Zu sehen gibt es am Sonnabend alles, was das Oldtimerherz begehrt – vom Trabi bis zum Traktor und Mähdrescher, vom Zweirad bis zur Limousine. Tagebauschlosser Frank Schlecht gibt seiner AWO Touren von 1953 wieder die Sporen, Busfahrer Volker Hasenbein steuert seinen Traktor IFA Pionier mit 17 Stundenkilometern auf den Marktsteg und Matthias Domke, Einrichtungsleiter beim Malteser Hilfsdienst in Leipzig, fährt im zitronengelben Audi Coupe S 100 von 1971 vor. Die rollenden Geschichtsbücher sind teilweise älter als ihre Fahrer, und sie laufen dank guter Pflege wie eine Eins.

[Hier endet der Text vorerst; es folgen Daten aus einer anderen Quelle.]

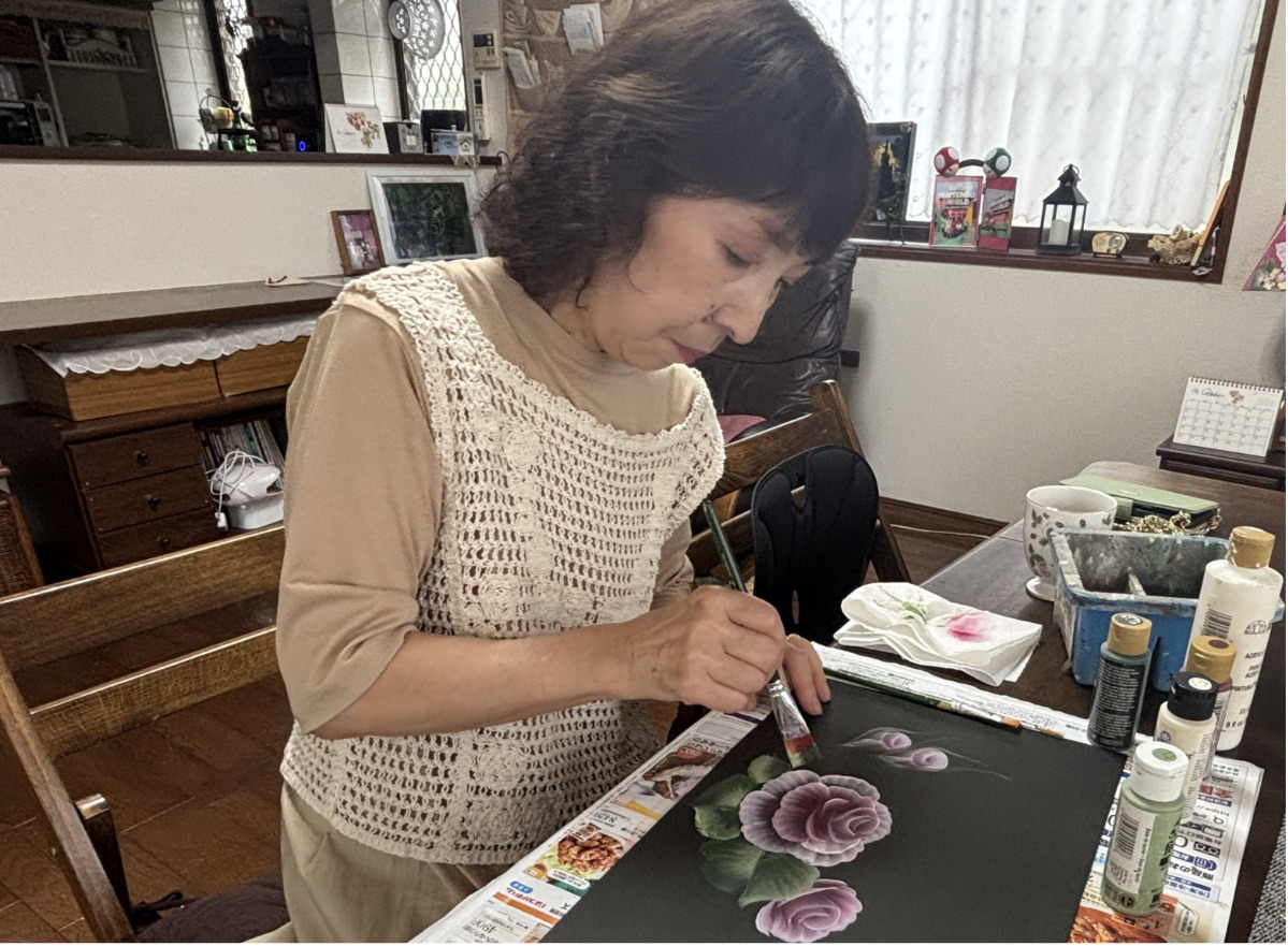 約30年前、梶山さんは友人からの誘いを受け絵画教室に通い始めた。師である谷野夏絵さんの提案もあり、認定講師の資格を取得。阿久和地域ケアプラザで長年ボランティアや、阿久和向原第二公園のトイレの壁面アートを手がけるなど活動してきた。「活動を通し、人生の先輩から学べる貴重な時間だった」と振り返った。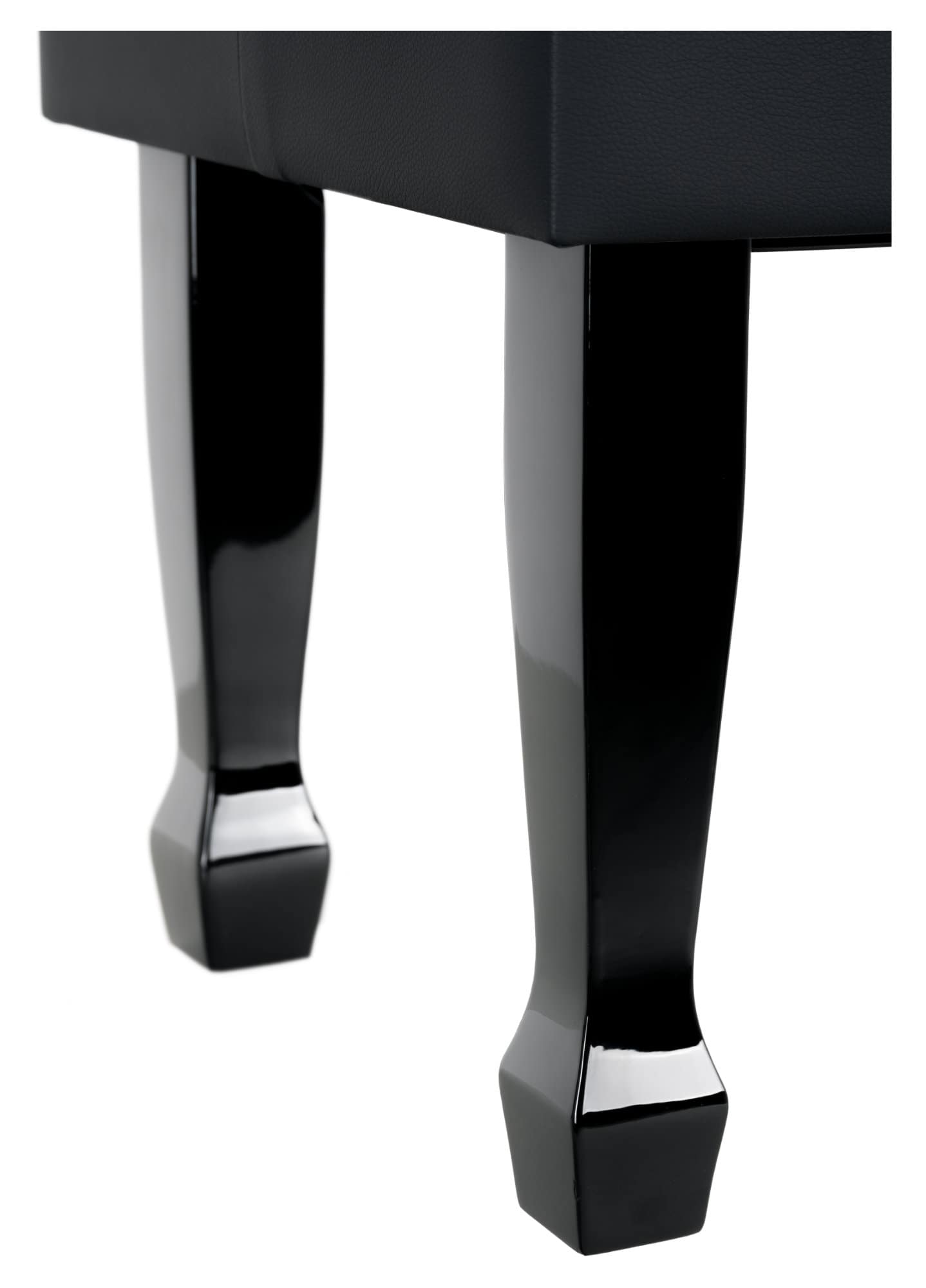 Die stabile Verbindung der Füße mit dem Rahmen und die präzise Hebemechanik heben diese schöne Pianobank deutlich von anderen Bänken dieser Preisklasse ab. Gummifüße an der Unterseite bewahren den Fußboden vor versehentlichen Kratzern.

Es sind vor allem die rustikale Technik und der unnachahmliche Motorensound, die ihre Herzen höher schlagen lassen. Kein Vergleich zu den modernen Volkswagen und Fiat, mit denen sie im Alltag unterwegs sind. „Das Schöne an alten Autos ist, dass sie keine Elektronik haben und man fast alles selber reparieren kann“, erklären die Drei. „Bei neuen Fahrzeugen muss man heutzutage einen Computer anklemmen.“ Mit ihren Oldies sind die Elstertrebnitzer nicht nur gern gesehene Gäste auf regionalen Treffen, sondern fahren damit auch hin und wieder zur Arbeit. „Fahrzeuge müssen bewegt werden, vom Stehen wird’s nicht besser“, sagt Matthias Domke, und seine Oldtimerfreunde stimmen ihm zu.